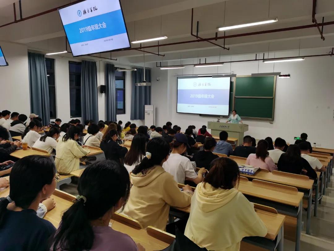 在2019级年级大会上,武兆文老师提醒大家在疫情防控期间不可掉以轻心,严格遵守学校规定,做到非必要不出校,出校做好个人防护,及时报备。就19级学风建设问题,勉励大家在大学关键期不盲目乐观,也绝不自我否定,在专业学习上稳扎稳打,做好时间管理,养成严格自律的良好习惯,提高学习效率,以积极的态度解决问题,收获成长。
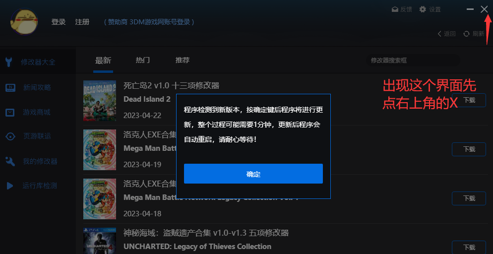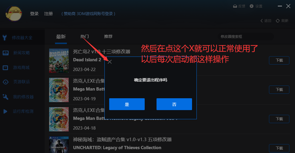 点完以后会出现“确定要退出程序吗”我们点击左上角的X即可正常使用
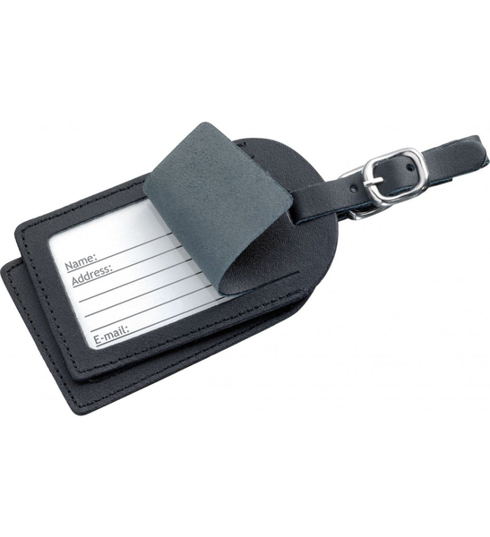 Kahden nahkaisen nimilapun pakkaus. Nimilappuun voit kirjoittaa nimen, osoitteen, puhelinnumeron ja sähköpostiosoitteen, ja sen avulla tunnistat matkalaukkusi.
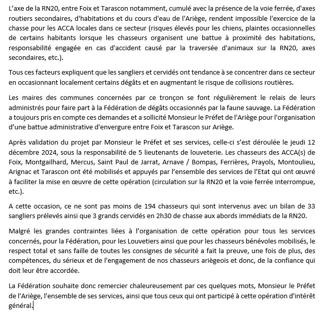 Retour aux actualités 07-01-2025 Battue administrative entre FOIX et TARASCON Partager l'actualité Facebook X (Twitter) LinkedIn pinterest mail
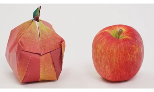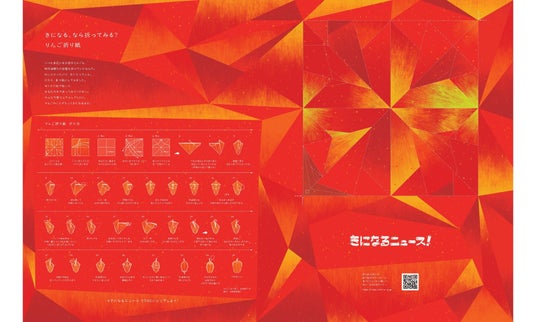 11月26日付信濃毎日新聞紙面に「りんご折り紙」を掲載します。暖色の幾何学模様のページをキリトリ線に沿って切り、折り方イラストの手順に沿って折っていただくと、なんと!りんごができ上がります!
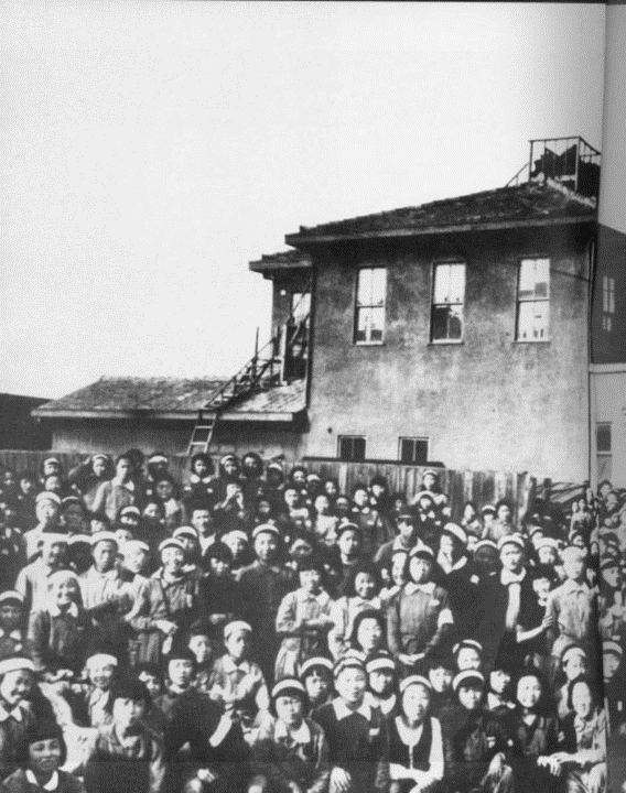 학생에게 일장기 머리띠를 두르게 하고 차출되기 전에
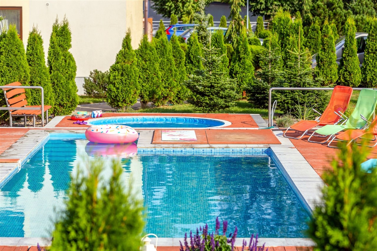 The grounds feature a heated outdoor swimming pool, jacuzzi, barbecue and bonfire area, children’s playground with a sports field, slide, and swings, as well as a paved parking lot for 28 vehicles. The entire area is surrounded by greenery, decorative plantings, and walking paths.
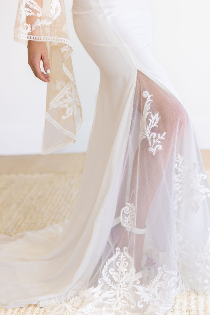 Want a gown that transitions from ceremony to reception? Detachable overskirts give you the best of both worlds: a dramatic walk down the aisle and a lighter, dance-ready gown underneath.
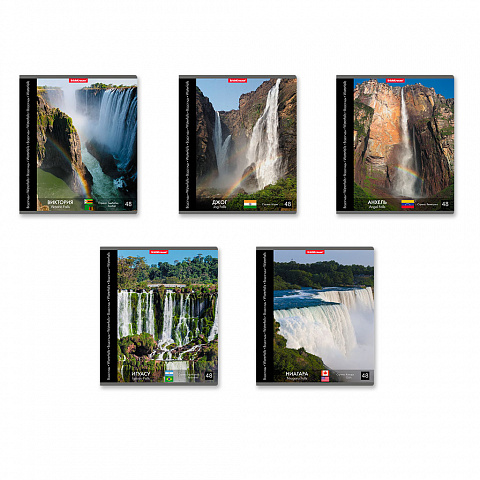 Тетрадь 48л ErichKrause Энциклопедия. Водопады (5 видов) мел.картон 47531 белизна 100%
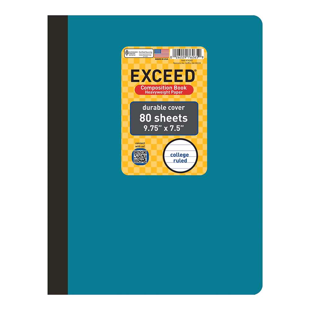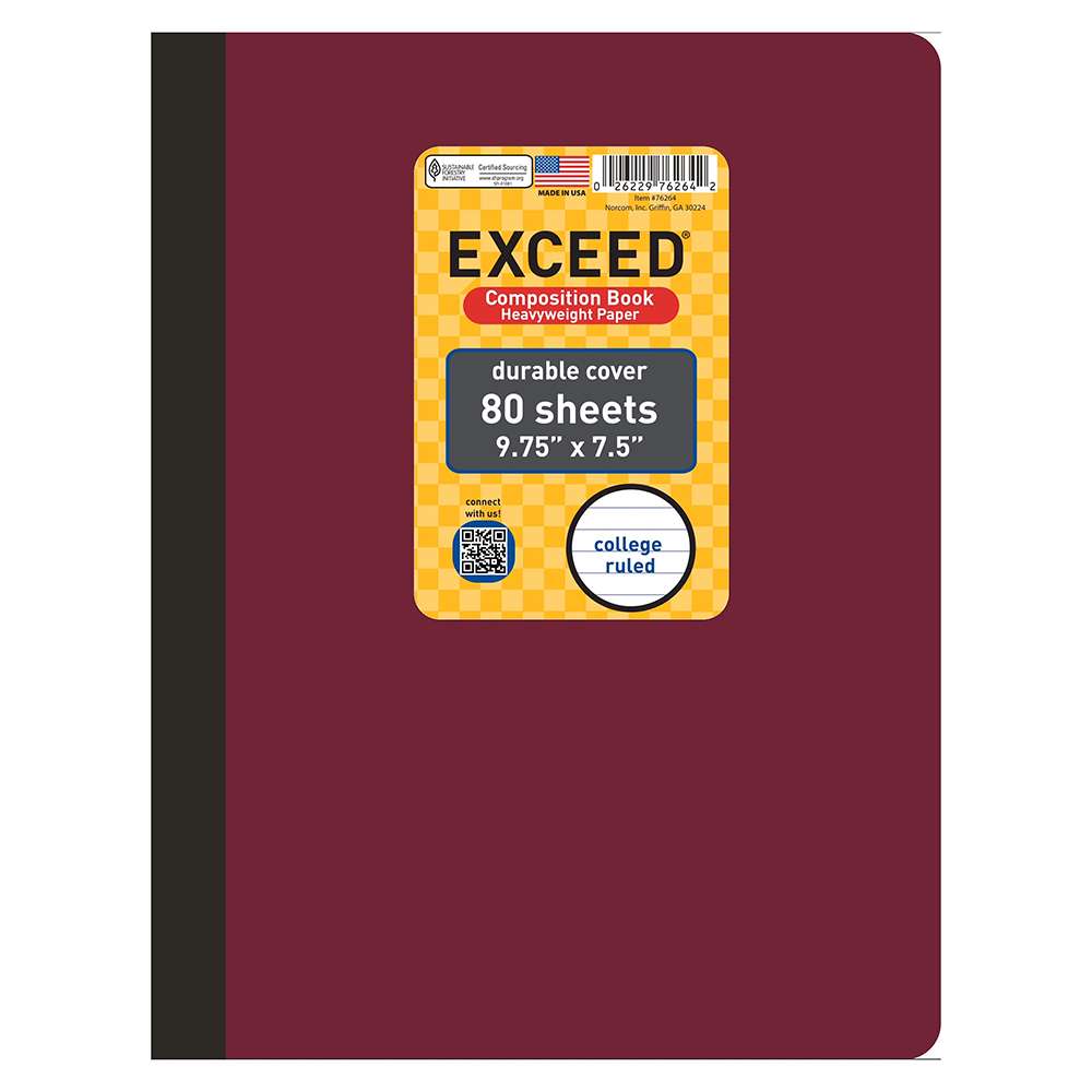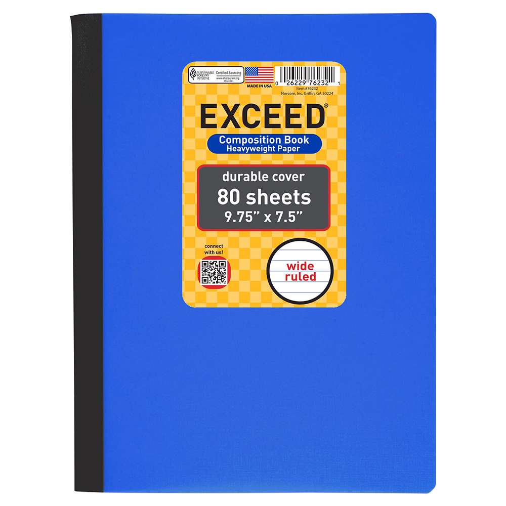 Exceed provides composition books (9.75 × 7.5 in) with smooth 75 gsm paper for school and home. The EXD-76056WNB-1 model focuses on durability (sturdy sewn binding), value, and consistent paper performance, helping users with daily writing and note-taking every day.
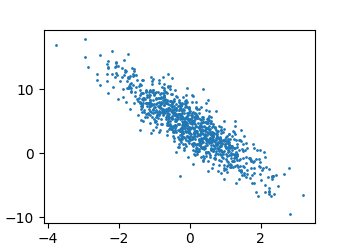 我们使用预设的权重 w = [ 2 , − 3.4 ] T w = [2,-3.4]^{\mathrm{T}} w = [ 2 , − 3.4 ] T 、b = 4.2 b = 4.2 b = 4.2 和噪声 ϵ \epsilon ϵ 生成数据集的特征 X \boldsymbol{X} X 及其目标 y \boldsymbol{y} y :
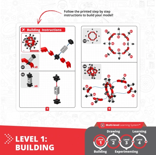 Der Engino-Baukasten Wie Viren funktionieren bietet Kindern eine fesselnde Möglichkeit, die Welt der Mikroorganismen zu verstehen. Er ermöglicht das Bauen von 2 Modellen und bietet ein cleveres Bildungskonzept in mehreren Ebenen – von praktischem Bauen über spielerisches Lernen bis zu Experimenten. Dank der Engino-kidCAD-App lassen sich detaillierte 3D-Anleitungen verfolgen, sodass auch komplexere Schritte leicht gelingen.

========================================================================

What the task asks:
Copy exactly the lines of the listing above between the one holding "11月26日付信濃毎日新聞紙" and the one holding "Тетрадь 48л ErichKrause", inclusive; omit all pictures.

Task solution:
 11月26日付信濃毎日新聞紙面に「りんご折り紙」を掲載します。暖色の幾何学模様のページをキリトリ線に沿って切り、折り方イラストの手順に沿って折っていただくと、なんと!りんごができ上がります!
 학생에게 일장기 머리띠를 두르게 하고 차출되기 전에
 The grounds feature a heated outdoor swimming pool, jacuzzi, barbecue and bonfire area, children’s playground with a sports field, slide, and swings, as well as a paved parking lot for 28 vehicles. The entire area is surrounded by greenery, decorative plantings, and walking paths.
 Want a gown that transitions from ceremony to reception? Detachable overskirts give you the best of both worlds: a dramatic walk down the aisle and a lighter, dance-ready gown underneath.
 Тетрадь 48л ErichKrause Энциклопедия. Водопады (5 видов) мел.картон 47531 белизна 100%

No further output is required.